Plantations lost their attraction as centuries of intensive
plantation were taking its toll over the face of Haiti, which is
suffering from a serious erosion problem. The garnment factories
flourished from the 70s until the mid-90s, increasing the levels of
impoverishment of an already impoverished population; as the
factories were set to satisfy an external demand, they didn’t
improved salaries in order to “create” a local market to absorb
production. Recently, however, as many factories are closing,
unemployment is making prey of Haiti’s urban centres. In the
political field, under Baby Doc, brutality kept going on, as usual
...
Until the people decided, once again, that they had enough.

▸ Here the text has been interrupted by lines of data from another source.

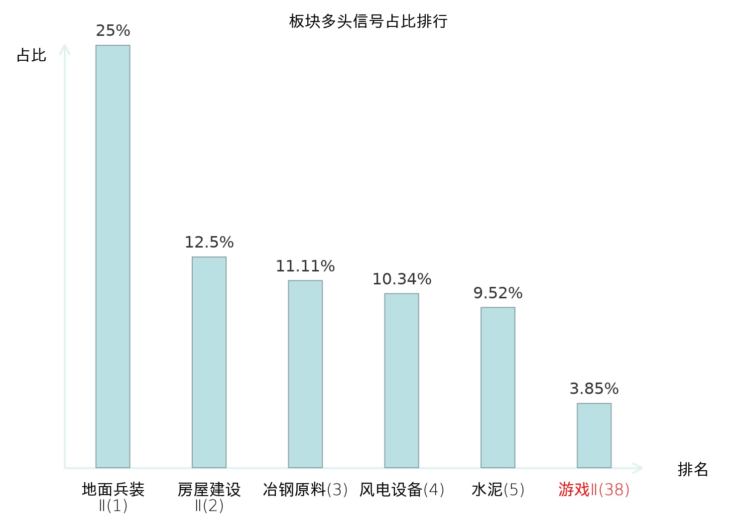 全市场所有行业板块中主力多头信号占比排名中,地面兵装Ⅱ板块位居第一。房屋建设Ⅱ板块名次提升最快,较昨日上升117位。
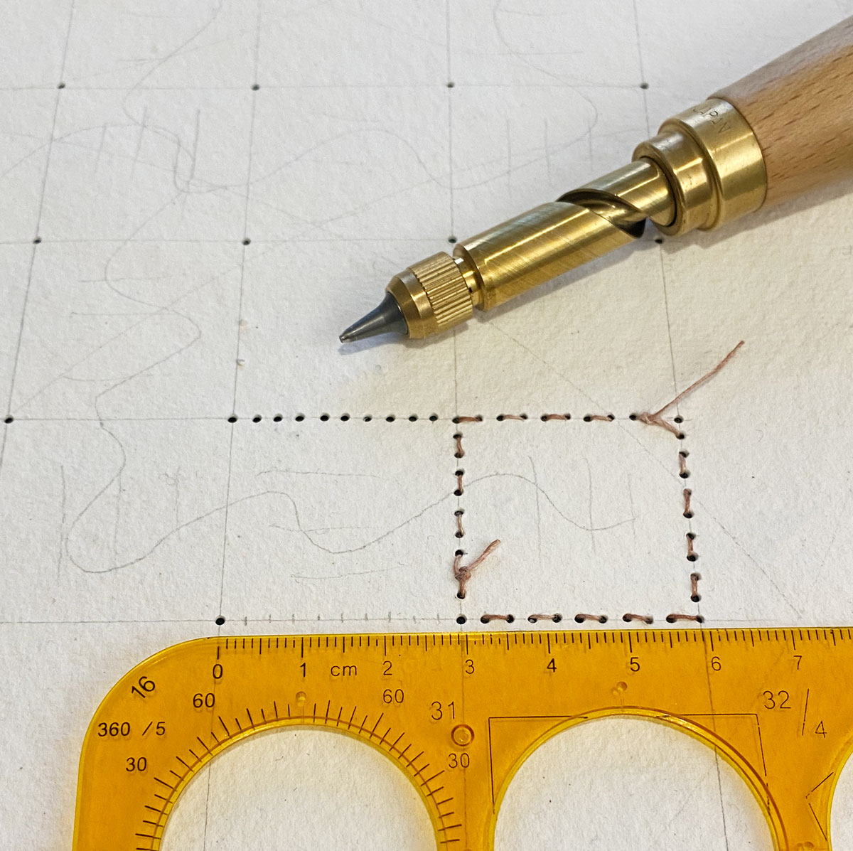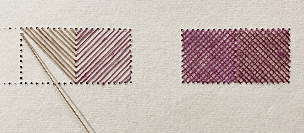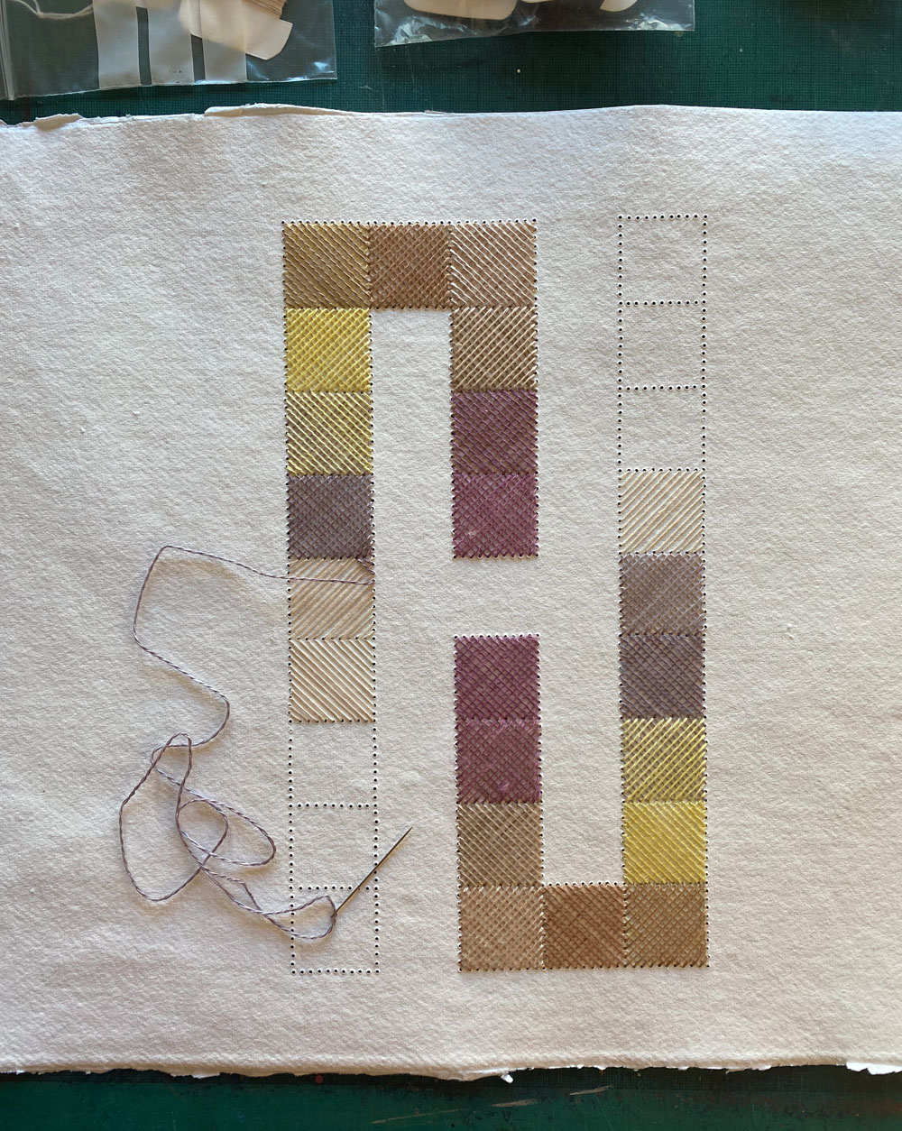 The stitching started at the centre, tracing the letters backwards in both direction. Each skein was used for two squares, but the underlayer (linen) and top layer (silk) plants used are shifted so that every other square overlaps with a potentially contrasting hue. In this way some unexpected and constantly shifting optical mixes are achieved.
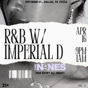 Presented by: DJ Imperial D Soundcloud Facebook Deep Ellum’s longest-running dance party!! Beautiful rooftop Amazing DJs $5 frozen drinks and $2 off menu drinks til 10pm! No cover til 10pmNo re-entry21+
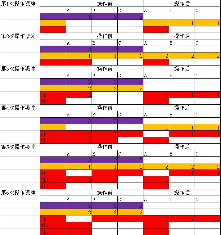 RT 52级沙盘打法如图,打完单核大概15.3W。难度大概和之前46级沙盘打12.8W单核相当。 PS: 发个帖子还能失败,需要再发一次,TAP论坛真垃 52盘打法补充: 1、第五次操作凝眸三个伙伴三紫合成就好,不要多和蓝、紫,多合蓝也有概率超分。 2、第七次操作纯净在能量够的情况下尽量放在第三盘纯净,单核能多640形态。 3、第八次操作凝眸一定要放第三盘,不然单核少2200形态。 54盘以上打法
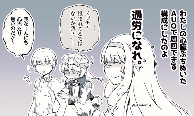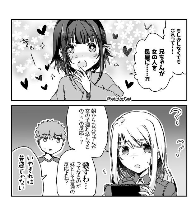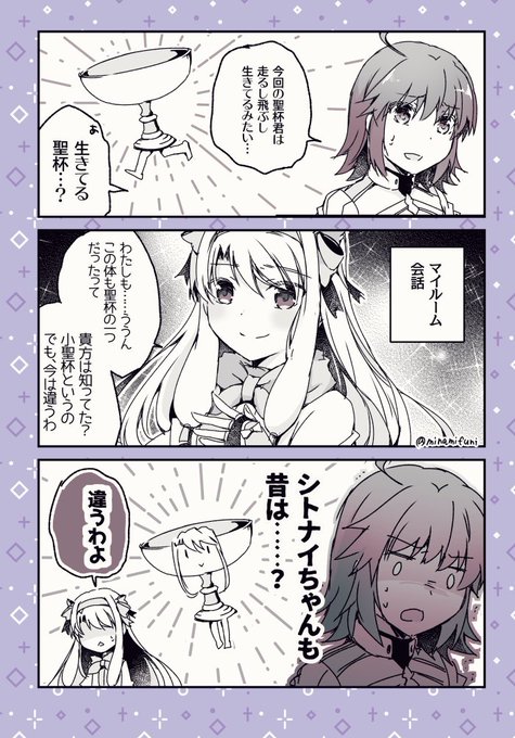 少し前の謎丸アニメの「どのエミヤ」会話が可愛かったので、シトナイちゃんとマシュの「どのシロウ」な会話漫画を描きました。 #FGO
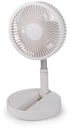 Dieser vielseitige Ventilator punktet mit seinem kompakten Packmaß. Das kabellose Gerät wird mit einem Akku betrieben und anhand des mitgelieferten USB-Kabels geladen.

That
happened in 1986, when Duvalier, was forced into exile by an angry
country, being well received in France, where he enjoys the
protection of his international friends that profited during their
reign of terror. A number of generals alternated in power, until a
charismatic Salesian priest made his appearance ion the scene: his
name was Jean Bertrand Aristide. But the people called him, with
love, Titid - the little one in Kreyole, the language of Haiti. His
sermons talked about love, organisation, about the right to rebel
against injustice, about unity and about hope.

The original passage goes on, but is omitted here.